“I heard a noise and came down to see what it was,” answered Dunn. “There was a light in the breakfast-room, but I didn’t see any one, and the front door was open so I came out here. Is anything wrong?”
“That’s what I want to know,” said Deede Dawson. “Come back to the house with me. If any one is about, he can just take himself off.”
He spoke the last sentence loudly, and Dunn took it as a veiled instruction to his companion to depart.
He realized that if he had saved Clive he had done so at the cost of missing the best opportunity that had yet come his way of obtaining very important, and, perhaps, decisive information.
To have discovered the identity of this stranger who had come visiting Deede Dawson might have meant much, and he told himself angrily that Clive’s safety had certainly not been worth purchasing at the cost of such a lost chance, though he supposed that was a point on which Clive himself might possibly entertain a different opinion.
But now there was nothing for it but to go quietly back to the house, for clearly Deede Dawson’s suspicions were aroused and he had his revolver ready in his hand.
“I suppose it was only cats all the time,” he observed, with apparent unconcern. “But at first I made sure there were no burglars in the house.”
“And I suppose,” suggested Deede Dawson. “You think one burglar’s enough in a household.”
“I don’t mean to have any one else mucking around,” growled Dunn in answer.
“Very admirable sentiments,” said Deede Dawson and asked several more questions that showed he still entertained some suspicion of Dunn, and was not altogether satisfied that his appearance in the garden was quite innocent, or that the noise heard there was due solely to cats.
Dunn answered as best he could, and Deede Dawson listened and smiled, and smiled again, and watched him from eyes that did not smile at all.
“Oh, well,” Deede Dawson said at last, with a yawn. “Anyhow, it’s all right now. You had better get along back to bed, and I’ll lock up.” He accompanied Dunn into the hall and watched him ascend the stairs, and as Dunn went slowly up them he felt by no means sure that soon a bullet would not come questing after him, searching for heart or brain.

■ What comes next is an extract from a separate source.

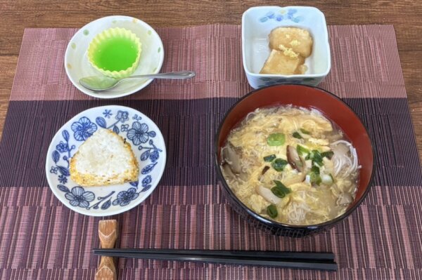 あんの味付けもあっさりと薄味でのご提供。ご飯は、のりたまのオニギリ 小鉢は、揚げ出し豆腐 メロンゼリー

For he was sure that Deede Dawson still suspected him, and he knew Deede Dawson to be very sudden and swift in action. But nothing happened, he reached the broad, first landing in safety, and he was about to go on up to his attic when he beard a door at the end of the passage open and saw Ella appear in her dressing-gown.
“What is the matter?” she asked, in a low voice.
“It’s all right,” he answered. “There was a noise in the garden, and I came down to see what it was, but it’s only cats.”
“Oh, is that all?” she said distrustfully.